Jesus is all about resistance, but it is always nonviolent. The fact we must get deep into our hearts is that Jesus is never about being walked over. Love is never about being trampled on. It is an active walking with Jesus in submission to God. Injustice is to be resisted because it is not of God. But, again, the resistance is always to be nonviolent. If that means having someone strike you on the cheek so be it; we offer them the proverbial other cheek as well (for a proper explanation of what Jesus was actually referring to when he said to turn the other cheek, and how his first century hearers would have understood it, see Steve Chalke’s The Lost Message of Jesus).

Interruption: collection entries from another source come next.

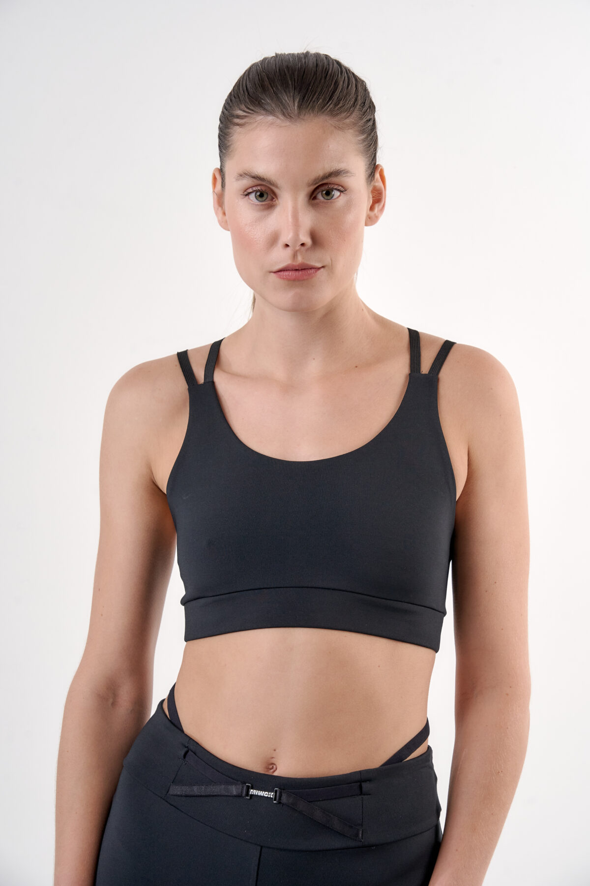 Top deporitvo, hecho con tejido confortable y modelador para tu cuerpo, con detalle de elásticos corseteros cruzados y pasador metálico MWK en espalda completamente descubierta, diseñado para el deporte de mediano y bajo impacto, ofrece seguridad y te permite el libre movimiento.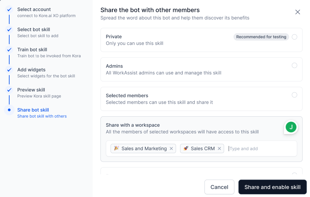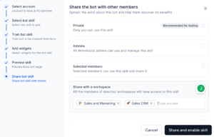 - Select the members with whom you want to add this bot skill. You can keep it Private, All Workspace.ai admins, Selected members, or Share with a members of a workspace, or everyone in the account can use this skill. Click Share and enable skill to enable the skill so that the users with whom this skill is shared can view and access the skill from Kora.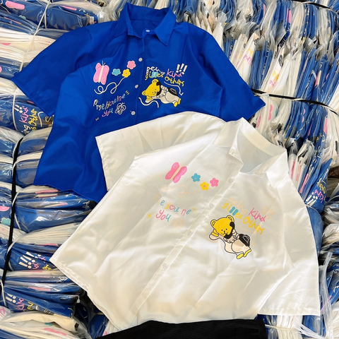 Phong cách năng động: Áo sơ mi "Being Kind" + Quần Jeans ống rộng + Giày Sneaker trắng.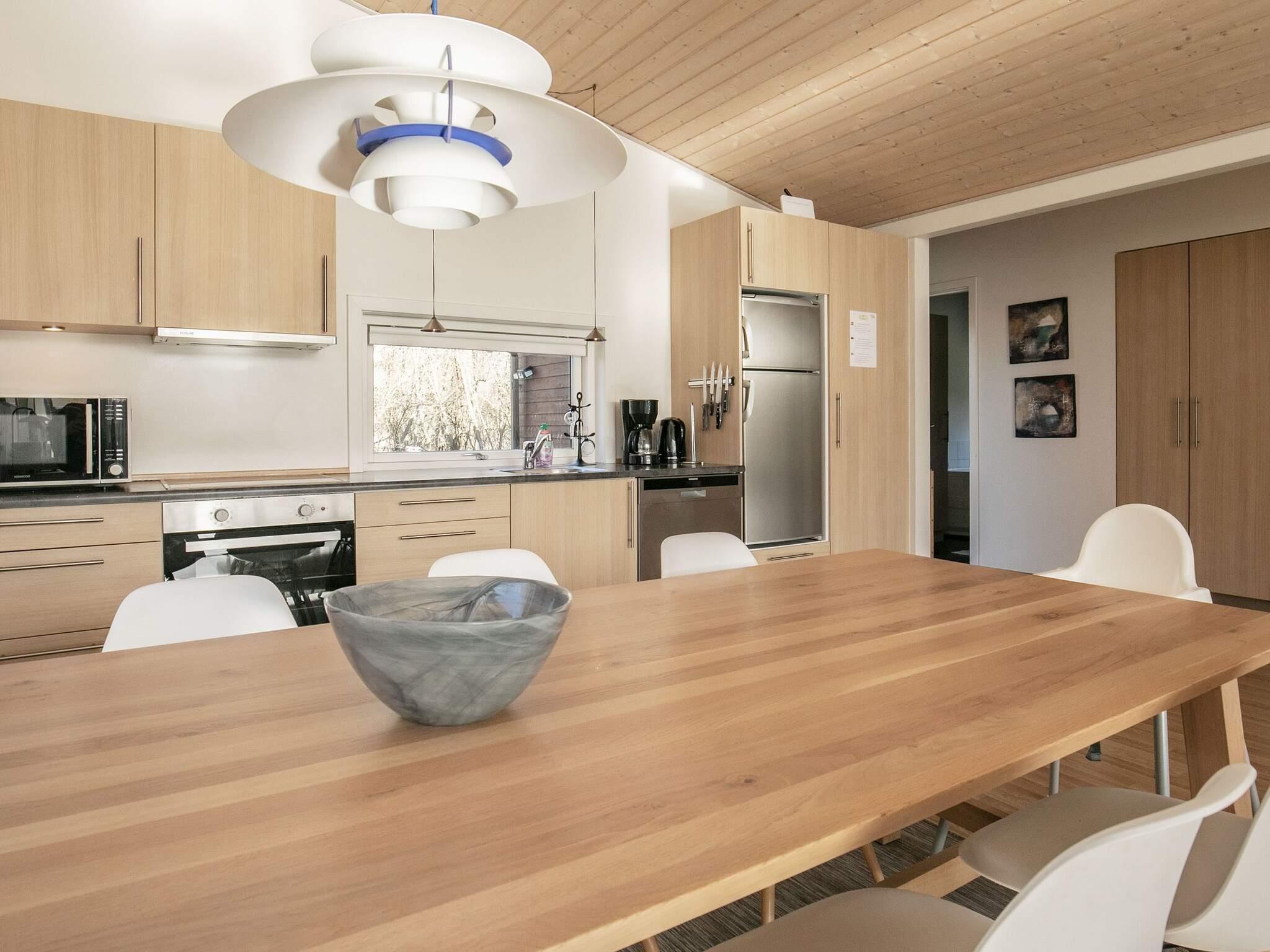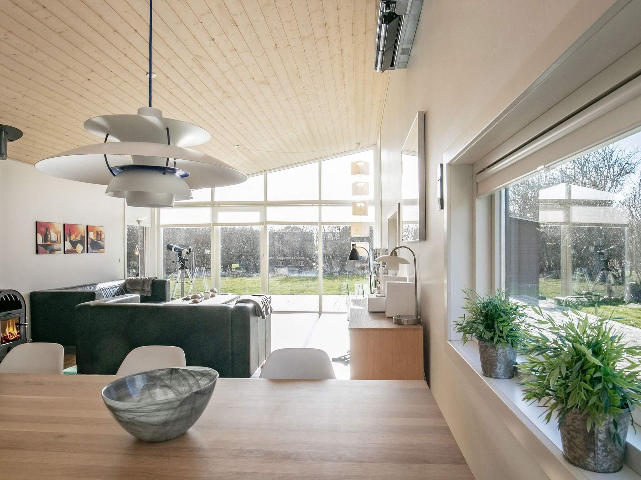 Der er tre store soverum, to med dobbeltsenge samt et med to enkeltsenge, og der er god skabsplads i alle soverum. Der er både barnestol og barneseng til de små feriegæster. Stor lys og kombineret opholds/spisestue og køkken bl.a. udstyret med opvaskemaskine, køle/frys og keramiske kogeplader. Stort, lyst opholdsrum med direkte udgang til den store, åbne terrasse. Sommerhuset er endvidere udstyret med Wi-Fi, tv, dvd-afspiller samt stereoanlæg med cd-afspiller. Badeværelse med spabad til 2 personer samt gulvvarme og bruseniche. Der er både vaskemaskine og tørretumbler. Stor, åben terrasse med havemøbler af god kvalitet samt en havegrill.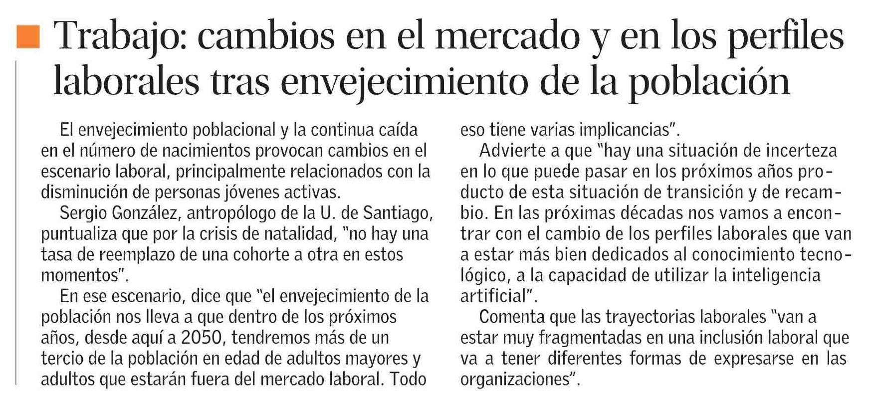 Título: N Trabajo: cambios en el mercado y en los perfiles laborales tras envejecimiento de la población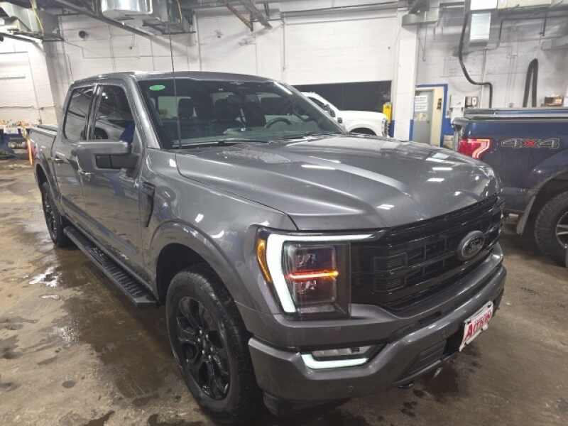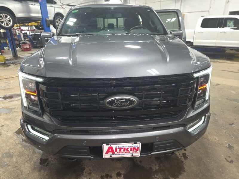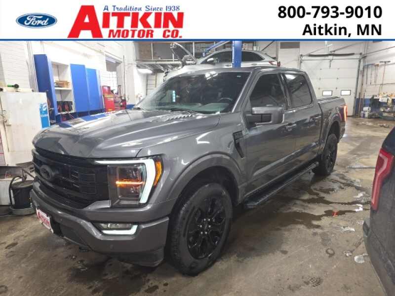 Aitkin Motor Company is pleased to offer this terrific 2023 Ford F-150 Lariat in Gray Metallic, beautifully equipped with Equipment Group 502A High, Ford Co-Pilot360 Assist 2.0 (Connected Built-In Navigation, Evasive Steering Assist, Intelligent Adaptive Cruise Control w/Stop & Go, Intersection Assist, and Speed Sign Recognition), FX4 Off-Road Package, Lariat Sport Appearance Package (Accent-Color Angular Step Bars, Body-Color Front & Rear Bumpers, Box Side Decals, Chrome Single-Tip Exhaust, and Dark 2-Bar & 1 Minor Bar Style Grille), 3.31 Axle Ratio, 4-Wheel Disc Brakes, 8 Speakers, ABS brakes, Adjustable pedals, Air Conditioning, Alloy wheels, AM/FM radio SiriusXM with 360L, Auto High-beam Headlights, Auto-dimming door mirrors, Auto-dimming Rear-View mirror, Automatic temperature control, Brake assist, Bumpers chrome, Chrome wheels, Class IV Trailer Hitch Receiver, Compass, Delay-off headlights, Driver door bin, Driver vanity mirror, Dual front impact airbags, Dual front side impact airbags, Electronic Locking w/3.31 Axle Ratio, Electronic Stability Control, Emergency communication system SYNC 4 911 Assist, Exterior Parking Camera Rear, Front anti-roll bar, Front Bucket Seats, Front Center Armrest, Front dual zone A/C, Front fog lights, Front reading lights, Front wheel independent suspension, Fully automatic headlights, Garage door transmitter, Heated door mirrors, Heated front seats, Heated steering wheel, Illuminated entry, Inclination/Intrusion Sensor Removal, Leather-Trimmed Bucket Seats, Low tire pressure warning, Memory seat, Occupant sensing airbag, Outside temperature display, Overhead airbag, Overhead console, Panic alarm, Partitioned Lockable Fold-Flat Storage, Passenger door bin, Passenger vanity mirror, Pedal memory, Power door mirrors, Power driver seat, Power passenger seat, Power steering, Power windows, Radio data system, Radio B&O Sound System by Bang & Olufsen, Radio B&O Unleashed Sound System by Bang & Olufsen, Rear reading lights, Rear seat center armrest, Rear step bumper, Rear window defroster, Remote keyless entry, Security system, Speed control, Speed-sensing steering, Split folding rear seat, Steering Wheel Heat Removal (DISC), Steering wheel mounted audio controls, SYNC 4 w/Enhanced Voice Recognition, Tachometer, Telescoping steering wheel, Tilt steering wheel, Tough Bed Spray-In Bedliner, Traction control, Tray Style Floor Liner (47W), Trip computer, Turn signal indicator mirrors, Twin Panel Moonroof, Variably intermittent wipers, Ventilated front seats, Voltmeter, and Wheels 18 Chrome-Like PVD!

Many of us have grown up in churches where to be Christian is to be ‘nice’. But as Dan Allender has said, Jesus said we would be known by our love, not by our manners. Love always seeks the good of the other, and often that means being nice. but if you’re anything like me, your niceness will often be about protecting yourself from possible rejection. It will be more about people-pleasing than loving. Love doesn’t worry about what other people will think. It just goes ahead and does good. That’s why Jesus would let no one, not even Herod, get in the way of his work for the kingdom. He was not going to be sidelined by threats from the powerful.

It is not easy living the Christian life. We are constantly in tension with the ways of power and status all around. Sometimes people will see Christ in us and other times they will not. Sometimes we wil come across as the fragrance of life and other times we will come across as the fragrance of death. John Smith said once that a good measure of your walk with Christ is to look at who your enemies are. If your enemies are the powerful and those who exploit, then you will most likely be walking in the way of Jesus. But if your enemies are the poor, the weak, and the people often called ‘nobodies’, you are almost certainly not following the Jesus of the gospels. God give me courage to resist that which is evil and the humility to submit to You.